Storytime: Mi STALKER de #TINDER 🔥
Durée : 10:42

Depuis des années sur YouTube, les formats de vidéo sont codifiés et libellés par des termes renvoyant à des sujets bien précis : il y a les « hauls », les « vlogs », les « Get ready with me », les « FAQ »… Mais aussi les « storytimes », un format né dans les pays anglo-saxons qui fait référence aux histoires racontées avant d’aller dormir. A la sauce YouTube, les contes relèvent plus des anecdotes personnelles émouvantes, surprenantes ou parfois honteuses que des vidéastes partagent avec leurs abonnés. Ceux-ci ne sont pas là uniquement pour divertir, à l’image des témoignages sur les harceleurs Tinder.

Un phénomène antérieur à #MeToo

Le témoignage d’Ashley Elizabeth pourrait à lui seul résumer la grande majorité des récits sur YouTube de femme harcelées par le biais de ces applis : « Il paraissait normal, les discussions étaient normales. […] Cela aurait pu juste s’arrêter sur un rendez-vous gênant. » Et bien qu’elle lui ait bien fait comprendre qu’il ne se passerait rien, « chaque fois qu’[elle] regardai [t] le téléphone, [elle] avait dix nouveaux messages de lui ».

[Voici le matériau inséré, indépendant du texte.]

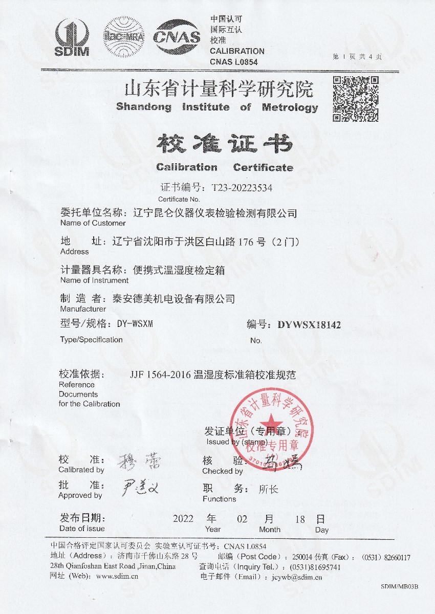 | 上一條:河北京車軌道交通車輛裝備有限公司-制冷恒溫槽 | 下一條:高精度制冷恒溫槽(-80~100℃)校準(zhǔn)證書 |
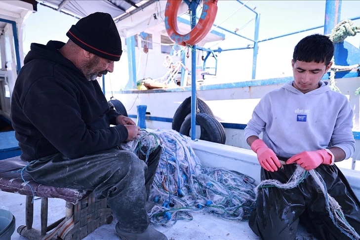 Yasakla beraber Mersin Balıkçı Barınağı'na teknelerini demirleyen balıkçılar, topladıkları ağların tamirini ve motorlarının bakımını yaptı.
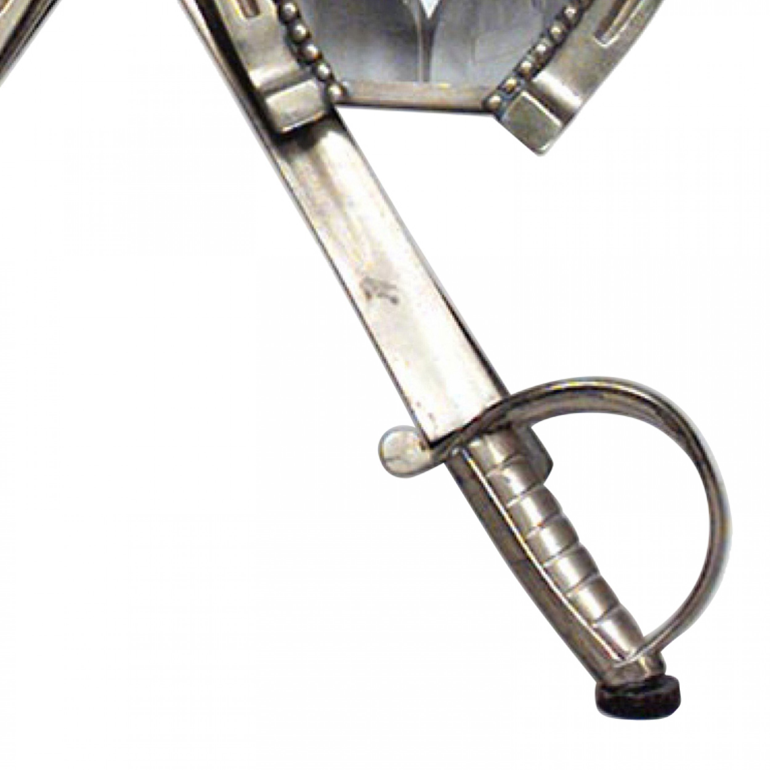 French Victorian enamel and brass easel picture frame of two horse shoes with crossed swords..
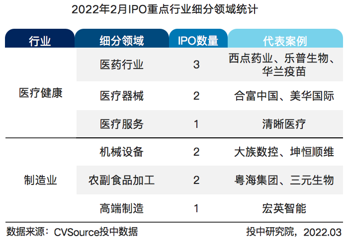 表 6 2022 年 2 月 IPO 重点行业细分领域统计

MY CRAZY OBSESSED TINDER DATE
Durée : 09:31

Si le mouvement #MeToo a libéré la parole de victimes de harcèlement sexuel y compris sur YouTube, ces types de récit existaient bien avant. Dans l’absolu, ces vidéos ne font pas une énorme audience, mais elles font partie des plus consultées sur les chaînes des femmes qui les réalisent. Simple voyeurisme ou nécessité de partager une expérience commune, difficile d’expliquer l’engouement des spectateurs. Les commentaires disparates n’aident pas à mieux comprendre : ils vont le plus souvent d’une majorité de messages de soutien jusqu’à des propos dragueurs malvenus. Les « storytimes » sont parfois critiquées par des internautes questionnant leur véracité ; les histoires de Tinder stalker beaucoup moins. Preuve s’il en faut que le phénomène n’a rien de virtuel.